To actually develop meaningful participation of women in PKO’s, women need to be integrated into senior positions with the capacity to affect decision-making and leadership within the operations, and women peacekeepers must receive training that will allow them to substantially affect and transform the context and development of their missions. Furthermore, as stated by Karim and Beardsley, “the challenges peacekeeping operations face are institutional in nature”, and thus require structural changes to be implemented in conjunction with women’s representation and leadership in order to affect the fundamental power structures of peacekeeping. 

Main areas of influence and potential action

Indian Peacekeepers (mostly women) arriving in Liberia/Photo Credit: UN DPKO

The benefits of having more gender-mixed units in peacekeeping cannot be generalized, and the possible impact of women in these missions remains context-specific. When considering the potential impact of including more women in postconflict peacekeeping, it remains important to note both the unique contributions they may provide and the structural and operational constraints that may hinder this differential potential.
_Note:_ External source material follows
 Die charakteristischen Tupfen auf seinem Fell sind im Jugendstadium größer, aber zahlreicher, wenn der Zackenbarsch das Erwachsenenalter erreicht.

Furthermore, any contributions must be understood critically, and reference made to experiences of women currently in field operations, so as to not fall back on essentialized conceptions and unrealistic expectations of women’s role in PKOs.  
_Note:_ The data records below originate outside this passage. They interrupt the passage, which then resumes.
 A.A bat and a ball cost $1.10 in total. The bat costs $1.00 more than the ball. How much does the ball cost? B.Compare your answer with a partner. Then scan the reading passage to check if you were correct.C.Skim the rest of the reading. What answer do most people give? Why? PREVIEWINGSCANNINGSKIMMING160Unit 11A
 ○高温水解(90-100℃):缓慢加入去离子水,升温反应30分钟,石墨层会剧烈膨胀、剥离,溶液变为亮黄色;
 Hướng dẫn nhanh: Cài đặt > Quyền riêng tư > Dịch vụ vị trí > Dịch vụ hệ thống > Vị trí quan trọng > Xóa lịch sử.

It is worth noting that there is sufficient evidence to affirm that when properly trained, visible, and engaged with the host community, women peacekeepers can provide unique contributions to PKOs based on their gender and enhance operational success. These contributions are only possible if accompanied by training specific to the mission’s host country gender dynamics and needs; as well as progressive structural changes that allow for the breakdown of institutional hindrances to equal opportunity peacekeeping.

Simply recruiting more women remains insufficient to expect changes, and it is fundamental to avoid the “add women and stir” narrative in devising new policies for PKOs. Both the UN and governments should view the further inclusion of women in peacekeeping as a means towards a greater goal; the promotion of gender equality and the integration of nuanced gender mainstreaming policies as natural elements of PKOs. The objective of these policies should always be to better the security of the societies where the mission is deployed and ensure equal opportunity peacekeeping. Gender mainstreaming should contribute, along with structural transformations, to achieving more equal representation, alterations in traditional definitions of peacekeeper identity, and subverting the male-dominated structure of peacekeeping as conditions necessary for the effective inclusion of women in peace operations.


Header Image Credit: UNDPKO

References

Basu, S. (2018). The women in blue helmets: gender, policing, and the UN’s first all- female peacekeeping unit; Equal opportunity peacekeeping: women, peace, and security in post-conflict states. 

Dharmapuri, S. (2011). Just add women and stir?. Parameters41(1), 56-71 

Heinecken, L. (2015). Are Women ‘Really’ Making a Unique Contribution to Peacekeeping?: The Rhetoric and the Reality. Journal of International Peacekeeping19(3-4), 227-248. 

Karim, S., & Beardsley, K. (2017). Equal opportunity peacekeeping: Women, peace, and security in post-conflict states. Oxford University Press. 

Lyytikäinen, M., Popovic, N., Penson, C. N., & Santo Domingo, A. (2007). Gender Training for Peacekeepers: Preliminary overview of United Nations peace support operations. United Nations International Research and Training Institute for the Advancement of Women (UN-INSTRAW). 

Mackay, A. (2003). Training the uniforms: gender and peacekeeping operations. Development in practice13(2-3), 217-223. 

Mazurana, D. (2003). Do women matter in peacekeeping? Women in police, military and civilian peacekeeping. Canadian Woman Studies22(2).

Odanović, G. (2010). Participation of women in UN peacekeeping operations. Wester1n Balkans Security Observer16, 70-79. 

Simic, O. (2013). Moving beyond the numbers: integrating women into peacekeeping operations. Norwegian Peacebuilding Resource Centre Policy Brief

Valenius, J. (2007). A few kind women: Gender essentialism and Nordic peacekeeping operations. International Peacekeeping14(4), 510-523.